General characteristics (as built)
- Class & type: Fidonisy-class destroyer
- Displacement: 1,326 long tons (1,347 t) (normal); 1,580 long tons (1,610 t) (full load);
- Length: 92.51 m (303 ft 6 in)
- Beam: 9.05 m (29 ft 8 in)
- Draft: 3.2 m (10 ft 6 in)
- Installed power: 5 Thornycroft boilers; 29,000 shp (22,000 kW);
- Propulsion: 2 shafts; 2 steam turbines
- Speed: 30 knots (56 km/h; 35 mph)
- Range: 1,850 nmi (3,430 km; 2,130 mi) at 18 knots (33 km/h; 21 mph)
- Complement: 136
- Armament: 4 × single 102 mm (4 in) guns; 2 × single 40 mm (1.6 in) AA guns; 4 × single 7.62 mm (0.3 in) machine guns; 4 × triple 450 mm (17.7 in) torpedo tubes; 80 mines;

= Russian destroyer Fidonisy =

Fidonisy (Фидониси) was the name ship of her class of eight destroyers built for the Imperial Russian Navy during World War I. Originally named Feodonisy (Феодониси), she was renamed Fidonisy before she was completed. Completed in 1917, she played a minor role in the war as part of the Black Sea Fleet before the Russian Revolution began later that year. Her crew joined the Bolsheviks in December and she supported their efforts to assert control in the Crimea over the next several months. The ship sailed from Sevastopol as the Germans approached in May 1918, but was scuttled in Novorossiysk harbor the following month when the Germans demanded that she be handed over as per the terms of the Treaty of Brest-Litovsk. Her wreck was discovered in 1964 and was partially salvaged.

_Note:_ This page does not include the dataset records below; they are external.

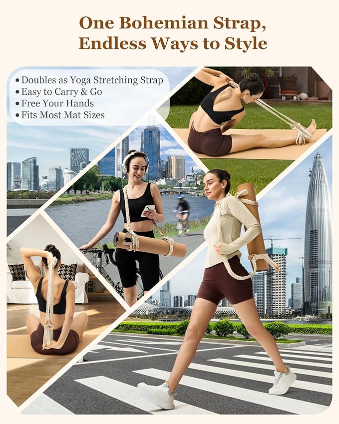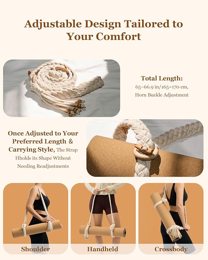 - 【ADJUSTABLE SIZE FOR UNIVERSAL FIT】Featuring sliding beechwood rings and reinforced horn buckles, this strap is easily adjustable to accommodate a wide range of yoga mat sizes and carrying preferences. Whether you're using a slim travel mat or an extra-thick Pilates mat, the customizable length ensures a snug, secure fit. Carry it over the shoulder, across the body, or by hand—this versatile design adapts effortlessly to your comfort and style.
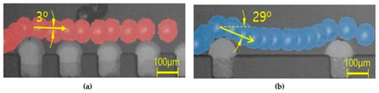 The two straight microchannels with and without the air bubbles were compared. The channel width was 200 μm. The inlet flow rate was 257.1 μL/min, corresponding to an Re of 20. In the straight microchannel without the air bubbles, blockage occurred. It was hard to control the exact condition and position of the blockage occurrence. Only after the blockage occurred were its characteristics measured. Figure 2a shows a picture taken after the blockage occurred in the catheter channel without the air bubbles. Its angle was obtained from the line connecting the centers of the two microspheres and the channel length. The blockage arching angle was obtained at an angle of about 70° from the image analysis, similar to one theoretically obtained. However, it does not mean that the measured blockage angle of 70° is a threshold or minimal angle.
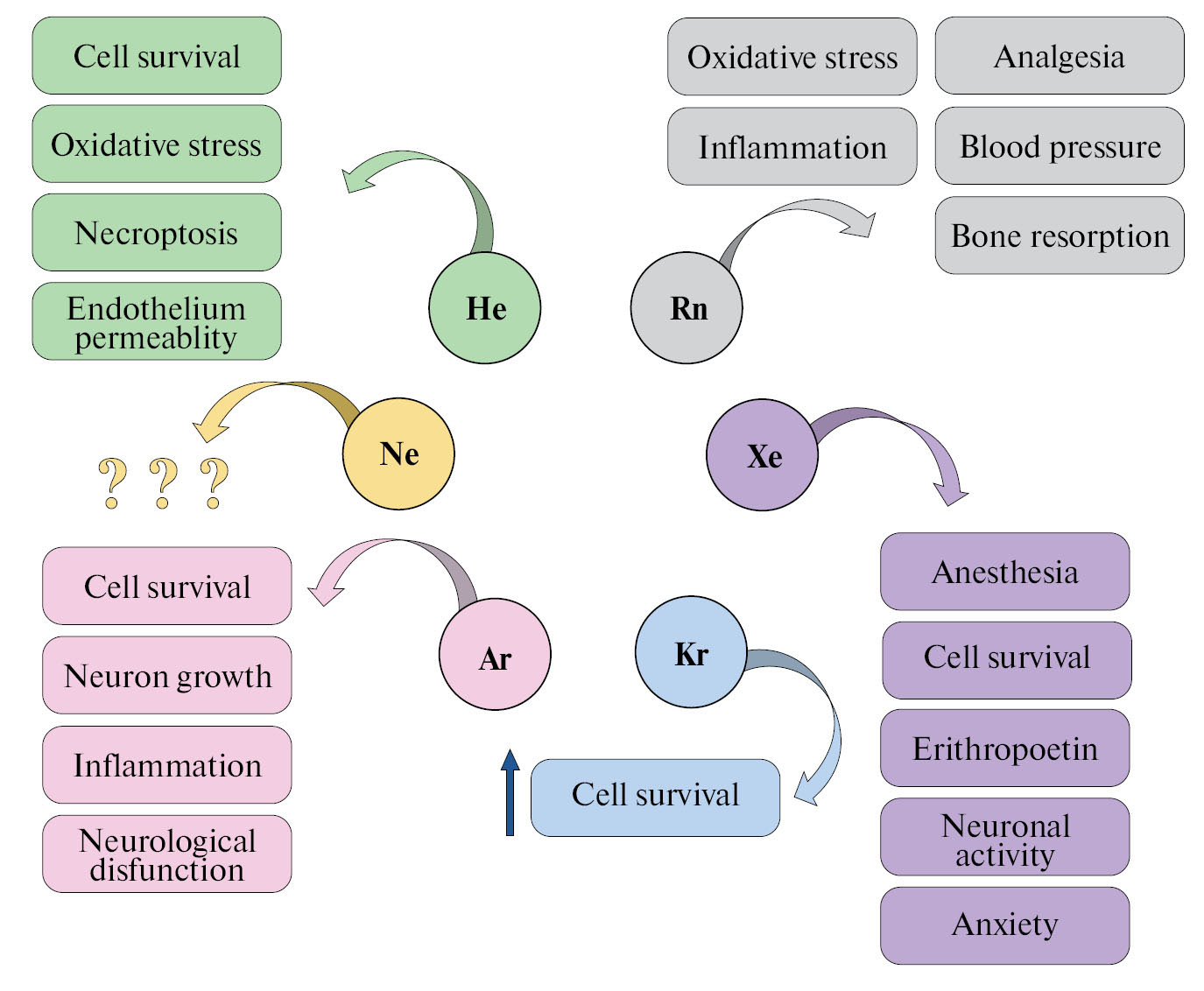 Однако несмотря на растущее количество исследований, посвященных данной проблеме, до сих пор наблюдается существенный разрыв между знаниями о физиологических эффектах инертных газов и механизмах их действия. Так, имеется множество данных о влиянии радона, ксенона, аргона и гелия на метаболические каскады, обуславливающие выживание клеток в различных тканях, но при этом только для ксенона описаны молекулярные мишени, инициирующие запуск физиологических изменений. Помимо этого, наблюдается явный дефицит исследований интегративных (поведенческих, нейроиммуноэндокринных) эффектов инертных газов. Неон и криптон, в свою очередь, представляют собой практически абсолютно неизведанную область в физиологии и фармакологии.

== Design and description==

The Fidonisy-class ships were designed as improved version of the with an additional 102 mm gun. Fidonisy had an overall length of 92.51 m, a beam of 9.05 m, and a draft of 3.2 m at full load. The ship displaced 1326 LT at normal load and 1580 LT at full load. She was propelled by two Parsons steam turbines, each driving one propeller, designed to produce a total of 29000 shp using steam from five three-drum Thorneycroft boilers for an intended maximum speed of 33 kn. During her sea trials, the ship reached a speed of 31.4 kn from 25854 shp. Fidonasi carried enough fuel oil to give her a range of 1850 nmi at 18 kn. Her crew numbered 136 men.

The ships mounted a main armament of four single 102 mm Pattern 1911 Obukhov guns. Anti-aircraft defense for Fidonisy was provided by a pair of 40 mm anti-aircraft guns and four 7.62 mm M-1 machine guns. The destroyers mounted four triple 450 mm torpedo tube mounts amidships with a pair of reload torpedoes and could carry 80 M1908 naval mines. They were also fitted with a Barr and Stroud rangefinder and two 60 cm searchlights.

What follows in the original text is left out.